Я осторожно коснулся забинтованного затылка.
— Меня что, кто-то ударил?
Белбон кивнул.
— Кто? Марк?
— Нет, Спурий. Камнем. Ты упал, и он опять замахнулся, но я ему не дал. Встал над тобой и стоял всё время, чтобы он не смог снова тебя ударить.
— Сопливый подонок… — Ну, конечно же. Содрать с родителей деньги не получилось, и теперь Спурий надеялся хотя бы убрать всех, кто мог бы рассказать им правду.
— А Клеон и остальные…
Белбон опустил глаза.
— Марк приказал перебить всех до единого.
— Но не может же быть, чтобы никто не смог уйти…
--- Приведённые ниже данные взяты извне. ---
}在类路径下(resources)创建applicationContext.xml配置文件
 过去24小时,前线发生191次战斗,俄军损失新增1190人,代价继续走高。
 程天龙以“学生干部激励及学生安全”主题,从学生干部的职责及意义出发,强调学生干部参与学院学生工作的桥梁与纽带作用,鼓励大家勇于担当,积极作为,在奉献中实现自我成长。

— Это было ужасно. Видеть, как человек умирает, даже на арене тяжело; но там хотя бы честный бой: оба противника вооружены, и оба умелые бойцы. Но смотреть, как эти бедолаги выходят из воды, задыхаясь и моля о пощаде, а люди Марка рубят их одного за другим…
— А Клеон?
— Вроде его тоже убили. Марк всё кричал солдатам: «Чтобы ни один не ушёл!», а Спурий указывал на тех, кто пытался выбраться на берег. Всех пиратов поубивали и побросали их тела обратно в море.
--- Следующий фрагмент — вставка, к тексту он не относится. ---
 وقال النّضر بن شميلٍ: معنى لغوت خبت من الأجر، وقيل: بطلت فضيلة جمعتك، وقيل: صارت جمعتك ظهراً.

Я представил себе, как это было, и боль в голове усилилась.
— Никакие это были не пираты, Белбон. Не было там никаких пиратов. — Комната расплылась у меня перед глазами, но виной тому была не боль в затылке, я стоящие в глазах слёзы.
— Ужасно! — пробормотал Луций Клавдий, когда я закончил свой рассказ. — Тебе повезло, что ты вообще остался жив. А ты потом был у Квинта Фабия?
Мы снова находились в Сениевых банях. Я лежал нагой на скамье, а надо мной трудился раб-массажист. Моё избитое тело нуждалось в живительном массаже; а моя избитая совесть требовала, чтобы я излил свои переживания сочувственному слуху моего доброго друга.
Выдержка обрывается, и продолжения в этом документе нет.